- Pan-European Corridor VIII highlighted in red

Route information
- Length: 1,500 km (930 mi)

Major junctions
- Start end: Durrës (Albania)
- End end: Varna (Bulgaria)

Location
- Countries: Albania, North Macedonia and Bulgaria

Highway system
- Pan-European corridors;

= Pan-European Corridor VIII =

European road network

The Corridor VIII is one of the Pan-European corridors. It comprises both road and rail routes. Both commence on the Italian Adriatic coast at Bari or Brindisi, with a ferry crossing to Durrës in Albania. From there the routes cross the southern Balkans into Bulgaria and thence to Varna, on the Bulgarian Black Sea coast. The road corridor follows the route: Tirana/Durrës/Vlorë – Elbasan – Skopje – Pernik – Sofia – Plovdiv – Burgas – Varna. Although as yet incomplete, it is broadly paralleled by the rail route: Durrës/Vlorë-Lin-Radožda-Kičevo-Skopje-Kumanovo-Beljakovtse-Kriva Palanka-Gyueševo-Sofija-Burgas-Varna.

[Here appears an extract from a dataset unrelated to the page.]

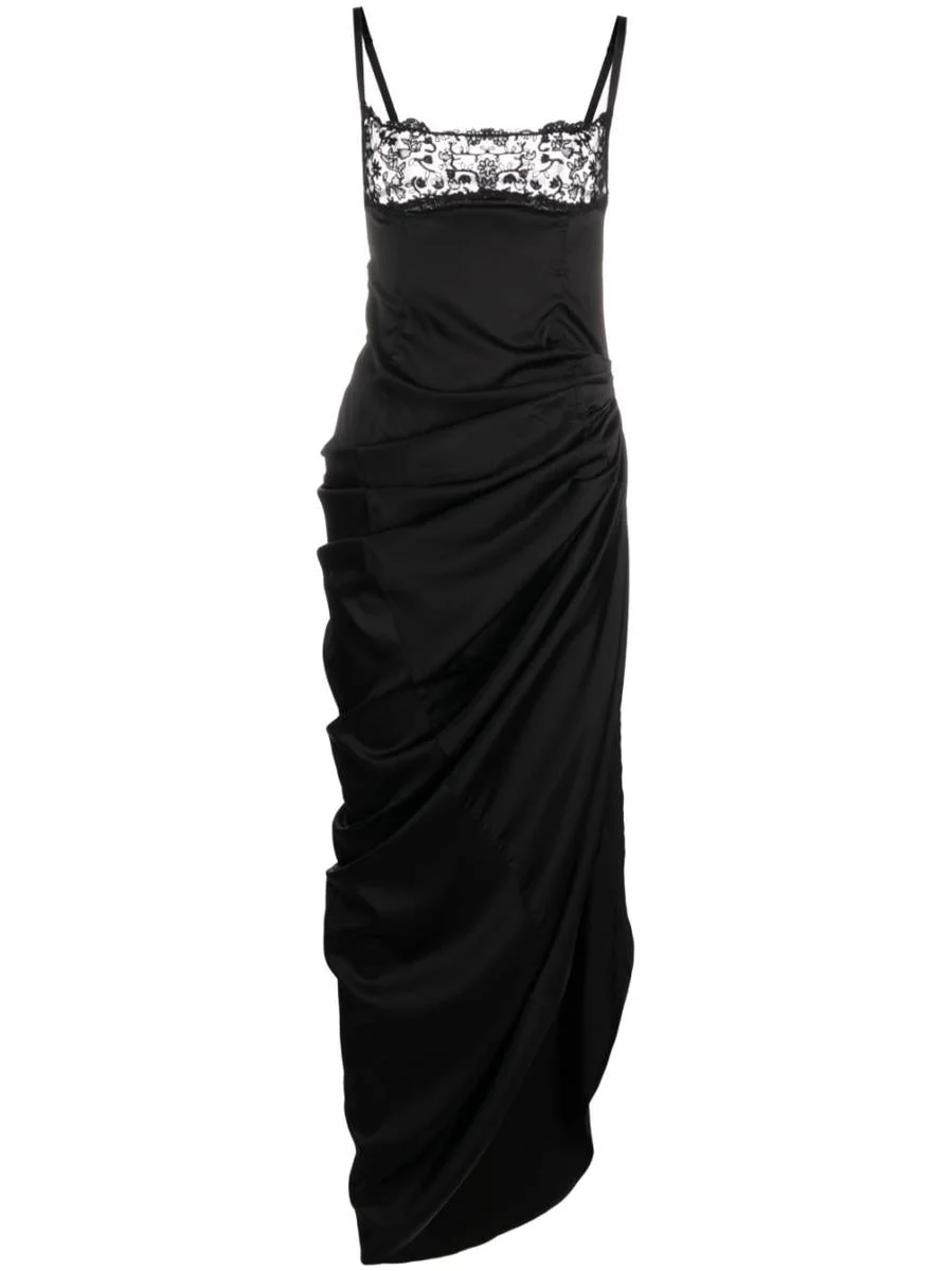 La Saudade floral-embroidered minidress from Jacquemus featuring black, adjustable spaghetti straps, square neck, tulle panel, floral embroidery, tulle panel, gathered detailing, open back, draped detailing, asymmetric hem and ankle-length. This piece fits true to size. We recommend you get your regular size Model is 1,75m / 5ft 8in wearing size 36 (FR) Gender: Women Material: POLYAMIDE 100%, VISCOSE 96%, SPANDEX/ELASTANE 4% Color: BLACK Made in: IN Product ID: 233DR0731495BLACK *Import tax/duty will be calculated at checkout (If applicable)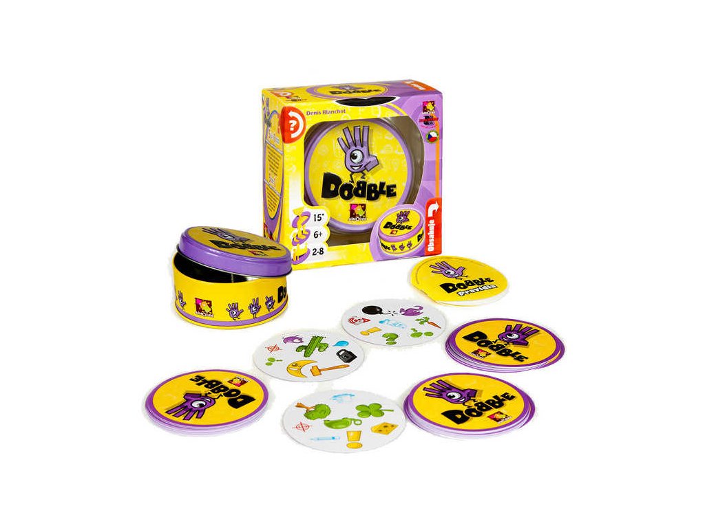 Nová rodinná hra zaměřená na rychlost, postřeh, reflexy! 5 her v 1 Rychlost, postřeh, reflexy! Dobble to je 50 různých symbolů, 55 karet, 8 symbolů na kartě a každé dvě karty spolu mají společný pouze jeden ! Hra je kompletně v češtině i slovenštině a nabízí zcela unikátní zábavu. Hráči zde hledají dva stejné symboly na kartách při různých verzích hry (v pravidlech je popsáno celkem 5 her). Super jsou kulaté karty i jednoduchá pravidla vysvětlená doslova za pár sekund. Cílová skupina jsou děti i rodiče - všichni, kdo se chtějí pořádně bavit a nemají čas pročítat dlouhá pravidla. Plechová krabička zaručuje bezpečí karet a je i další přidanou hodnotou. Vyzkoušejte i Vy hru Dobble a budete nadšení, jak i tak jednoduchá hra může být zábavná!

==Road route description==
The road starts in Albania at either Durrës (SH4) or Vlorë (A2), both situated on the Adriatic coast. It intersects at Rrogozhinë (SH7, SH3) and runs towards Elbasan. It then crosses the border with North Macedonia at the Ohrid lake and then runs north to Tetovo mainly as a 2-lanes single-carriageway. The section between Ohrid and Kičevo will be upgraded to a motorway. A2 motorway runs between Tetovo and Skopje, and A1 motorway between Skopje and Kumanovo.

Between Kumanovo and Radomir, Bulgaria, it runs again as a 2-lanes single-carriageway. From Radomir to Pernik it is upgraded to a 4-lane dual-carriageway. Close to Pernik, the route joins Lyulin motorway (A6) for about 20 km to the Bulgarian capital, Sofia. After passing through the Sofia Ring Road, the route joins Trakia motorway (A1) for 360 km to Burgas, bypassing Pazardzhik, Plovdiv, Stara Zagora and Yambol on the way. At Burgas, the route turns to north, running along Black Sea coast mainly as a single-carriage road (I-9). The route joins Cherno More motorway (A5) for 10 km before reaching its final destination – Varna.

==Rail route description==
The railway is only partly complete, at present there is a single-track line in Albania and a single-track line in parts of North Macedonia. The route is virtually complete in Bulgaria comprising both single and double track lines. The line already in existence in Albania from Durrës-Lin will be used, although upgrading and modifications will be needed. From Lin to Kičevo new construction will be required, almost all in North Macedonia. At the moment progress on this link is small, being mainly aspirational.

On North Macedonia's eastern side, the mothballed, 31 km long, Kumanovo-Beljakovce line has been restored and upgraded – work on this started in 2014. Construction of a new line, approximately 34 km long, from Beljakovce to Kriva Palanka began in 1996 but was abandoned due to lack of financial resources in 2004. Considerable earthworks and structures are, therefore, already in existence but currently do not reach Kriva Palanka. Entirely new construction will be needed in the area of Kriva Palanka to the Bulgarian border (24 km) plus a short length (~1 km) in Bulgaria. A total of approximately 88 km of the track must be restored or built in a region whose morphological features make access difficult. Once in Bulgaria, the existing line from Gyueshevo, extant since 1910, will be used.

From Gyueshevo the track runs broadly northwards to Sofia then uses the mainline through Burgas to Varna.